# Task to carry out:
Write back every line of the listing exactly, excluding images.

# Data below:

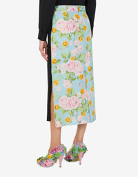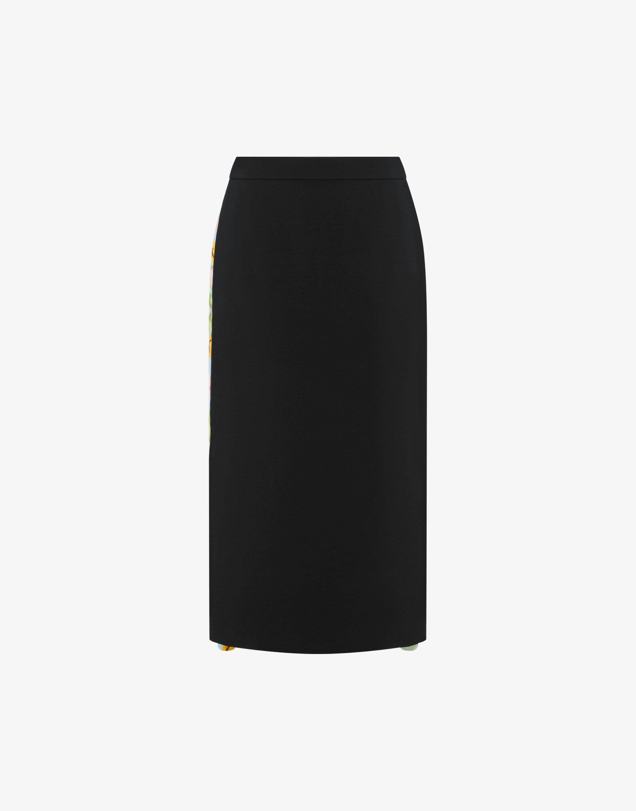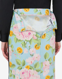 PLAYFUL REINTERPRETATION OF THE CLASSIC PENCIL SKIRT. THE UNIQUE CONSTRUCTION, COMBINING TWO SKIRTS INTO ONE, IS EMPHASIZED BY THE CONTRAST OF FABRICS: BLACK STRETCH CREPE AND SILK SATIN WITH AN ALL-OVER FLOWERS AND SMILEY® PRINT. REGULAR FIT REGULAR WAIST PRINT CREATED IN COLLABORATION WITH SMILEY® TWO SIDE POCKETS SIDE ZIP CLOSURE PARTIAL BACK ZIP CENTER BACK SLIT FABRIC: 6% ELASTAN, 94% VISCOSE LINING: 60% CELLULOSE ACETATE, 40% CUPRO CODE: AEF251D 012704242293 FIT MODEL BUST SIZE: 80 CM MODEL HEIGHT: 180 CM MODEL HIPS: 89 CM MODEL SIZE: 40 CM MODEL WAIST: 60 CM
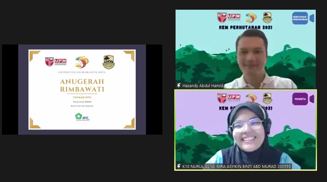 Forestry-related content was also disseminated in a webinar where speakers were from the Forestry Department of Peninsular Malaysia (JPSM), MACC, MTCC, UPM Counselling Division, UPM Teaching Hospital (HPUPM) and Forestry Camp Alumni who were previously crowned as Rimbawan and Rimbawati.
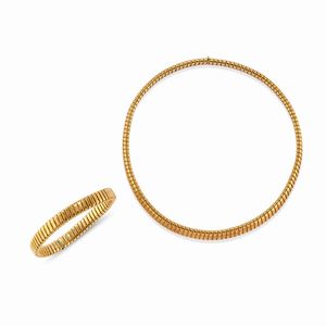 in oro giallo 18k, Peso g 64,35 cm 19,00-40,00 composta da bracciale e collana, maglia a tubogas piatta leggermente [..]

# Answer:
 PLAYFUL REINTERPRETATION OF THE CLASSIC PENCIL SKIRT. THE UNIQUE CONSTRUCTION, COMBINING TWO SKIRTS INTO ONE, IS EMPHASIZED BY THE CONTRAST OF FABRICS: BLACK STRETCH CREPE AND SILK SATIN WITH AN ALL-OVER FLOWERS AND SMILEY® PRINT. REGULAR FIT REGULAR WAIST PRINT CREATED IN COLLABORATION WITH SMILEY® TWO SIDE POCKETS SIDE ZIP CLOSURE PARTIAL BACK ZIP CENTER BACK SLIT FABRIC: 6% ELASTAN, 94% VISCOSE LINING: 60% CELLULOSE ACETATE, 40% CUPRO CODE: AEF251D 012704242293 FIT MODEL BUST SIZE: 80 CM MODEL HEIGHT: 180 CM MODEL HIPS: 89 CM MODEL SIZE: 40 CM MODEL WAIST: 60 CM
 Forestry-related content was also disseminated in a webinar where speakers were from the Forestry Department of Peninsular Malaysia (JPSM), MACC, MTCC, UPM Counselling Division, UPM Teaching Hospital (HPUPM) and Forestry Camp Alumni who were previously crowned as Rimbawan and Rimbawati.
 in oro giallo 18k, Peso g 64,35 cm 19,00-40,00 composta da bracciale e collana, maglia a tubogas piatta leggermente [..]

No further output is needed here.